Q: I’m carrying about $12,000 on five different credit cards. The average interest rate is 17 percent. I want to pay them all off.
Here are my options. I have a huge tax return check coming my way in about 2 weeks. Should I use the tax return money to pay off my debts, or should I invest this money? Do you think I should try to get a home equity line of credit at a low rate and pay off my credit cards?
A: You should always pay off your high-interest, non-deductible debts first. When you prepay a debt, you’re effectively earning the interest rate the debt carries on each dollar. So if your credit card debt is being charged 17 percent, prepaying that debt actually earns you 17 percent on your money. That’s way better than the stock market or any other kind of investment I can think of.
Once your debts are paid off, you can use the cash you would have paid each month to service the debt to start building a retirement fund. If you qualify, I suggest you open a Roth IRA and start investing those after-tax dollars in an index mutual fund.

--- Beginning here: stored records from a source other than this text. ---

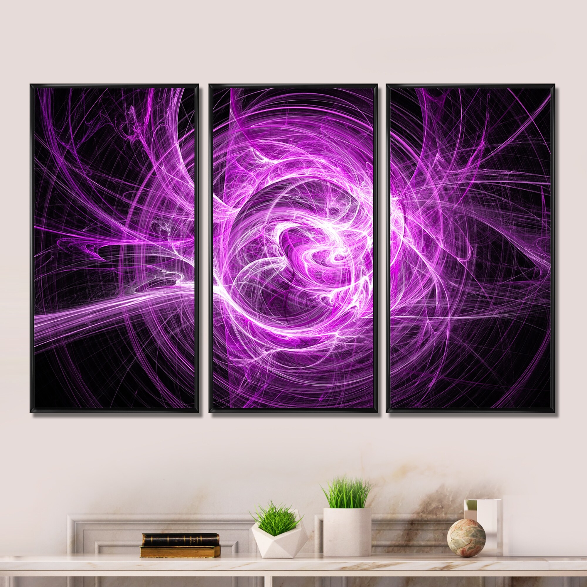 Designart "Colored Smoke Purple" Abstract Framed Canvas Wall Art Set of 3 - 4 Colors of Frames
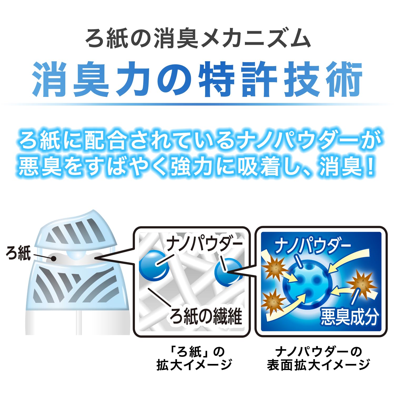 * 【ナノパウダー※配合】すばやく強力に空間を消臭。※ナノレベルの孔(あな)を持つ、悪臭を吸着する消臭剤。
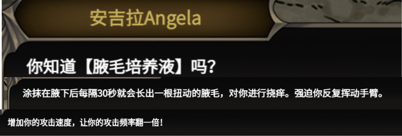 名爲腋毛培養液的道具,促進腋毛生長產生瘙癢,迫使主角反覆揮臂,從而提高攻速,這合理嗎?
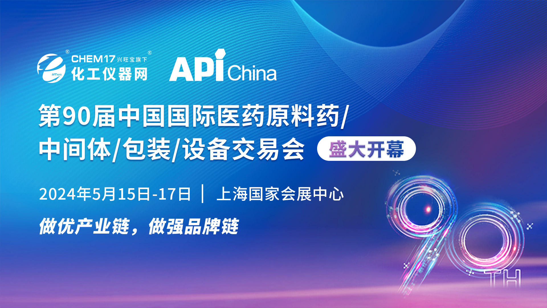 第90届中国国际医药原料药/中间体/包装/设备交易会(API China)、第88届全国药品交易会(PHARMCHINA)、2024中国国际健康营养博览会(NHNE)将于2024年5月15-17日,在上海国家会展中心举办。本次展会将吸引来自海内外医药及健康营养产业近4000家企业参展,举办会议活动100余场,参会观众有望突破15万人次。
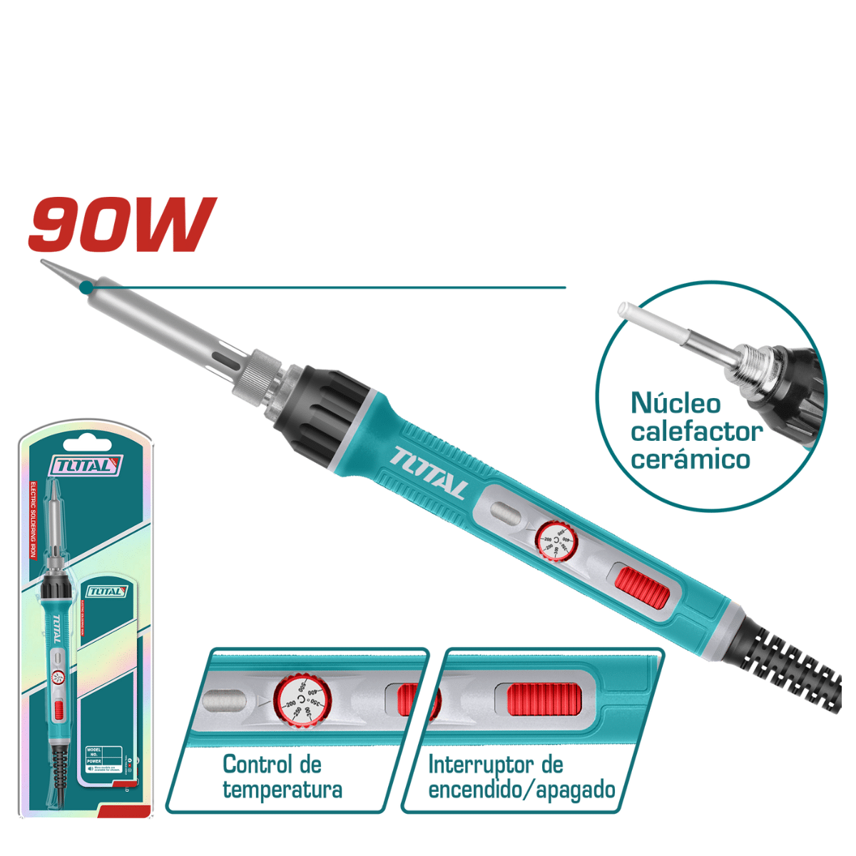 Ventaja Con una potencia de 90 W, se calienta de forma rápida y estable, tiene una larga vida útil y un interruptor de encendido/apagado.
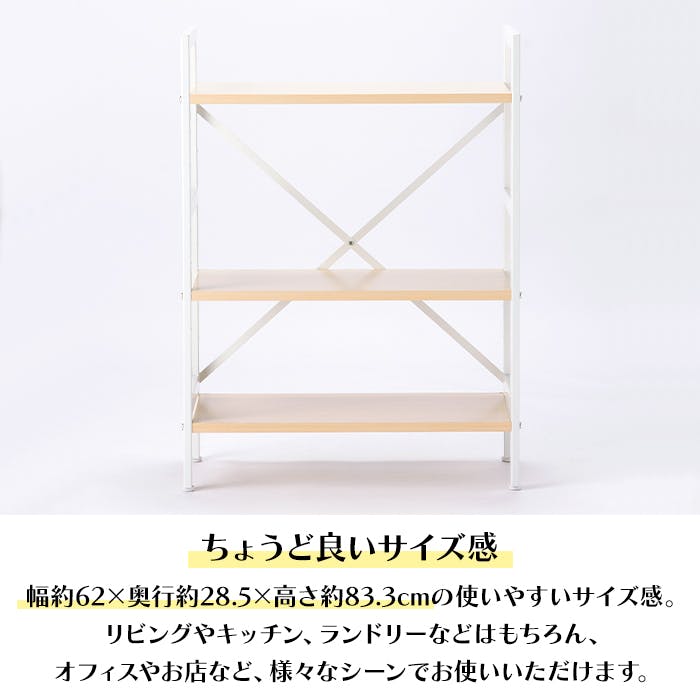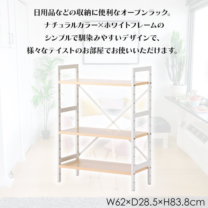 • オープンラック スリム 3段 オープンシェルフ ラック 北欧 幅62cm マルチラック ブックシェルフ
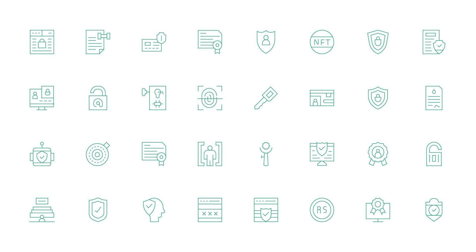Authentication Icon Set with 32 Thin Line Graphics Icon Collection Set vector
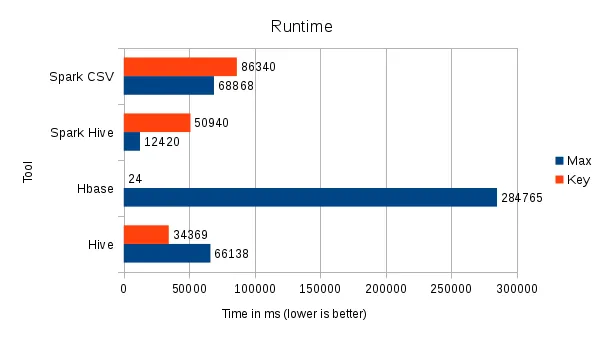 34.4s! In other words, 141x HBase’s runtime.
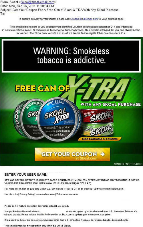 Email sent in late September 2011 promoting an offer for a free can of Skoal X-tra with any Skoal purchase. The e-mail includes a link to the brand's website to obtain the offered promotional coupon.

If you weren’t getting a big tax refund, I’d suggest using a home equity line of credit or home equity loan to pay off your credit card debt. It doesn’t make sense to pay 17 percent on non-deductible credit card debt when you could be paying 6 percent on deductible home equity debt.
Finally, try to adjust your withholdings, so that you end up with only a small refund or no refund for this year. There’s no sense in giving Uncle Sam an interest-free loan.